I don’t know what happened to Mr. Ross; I can find nothing more recent than that one article. He may be living still, perhaps in a prison cell. If he is, he would be close to 90 now.

Life said an agent was attempting to sell the book to a movie studio, but no movie was ever made. Life also said that Mr. Ross was working on a second novel, but if that was ever finished it was never published.

But I do know that, if he did nothing else, Mr. Ross delivered one truly remarkable book. Maybe that was enough.


  1. Wow. Great entry and great research into a tiny corner of book lore.

  2. Damn it, now I want to read it!!


  3. I think that's a good read. When I was cleaning also our library, I stumble some materials that are worth to read.

  4. I can't believe I found this. I have been wanting to find this book again for years. I read it while I was a teenager and it made a great impact on me. I would love to read it again. Thanks for writing this.

  5. I still have this paperback. Bought it for something to read during a week-long hospital stay for a double-hernia operation back in August 1965. As a 13 year-old who tuned in every week to watch Sergeant Saunders (Vic Morrow) lead his squad on the TV series "Combat", "The Dead Are Mine" opened my eyes to the real horrors of war. Another good read is Willi Heinrich's "Cross of Iron", also a novel based in World War II.

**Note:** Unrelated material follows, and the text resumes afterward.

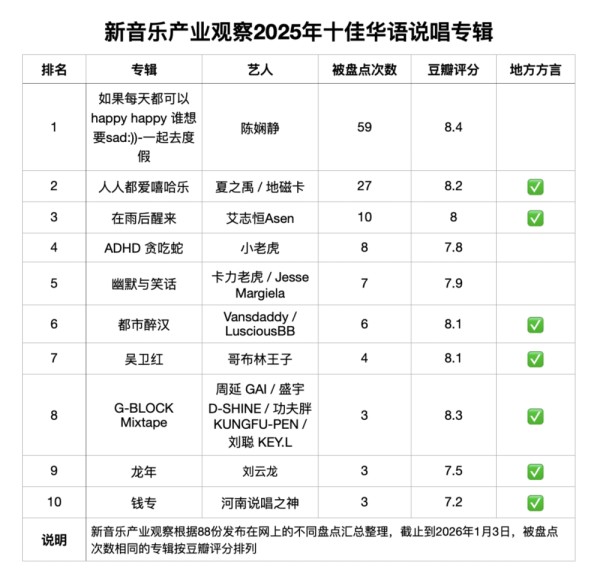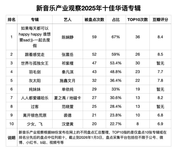 有意思的是,尽管有人认为2025年是“乐坛小年”,但相比上一年,我们同期采集到的盘点样本不是更少,而是更多。

  6. i read that book in 64/65 while in korea. i still think of that book at times when i read of some of the gore that occurs in the world today, i dont remember the ending, i would read it again if given the chance. i will be 70 soon and dont know if i will be around that long..

  7. I have been looking for this book for 30 yrs, and no one knew of it. I didn't know who wrote it. I read it in about 1967 and for got it for a long time. Now maybe I can get me a copy. Thanks for all the info on bk & author.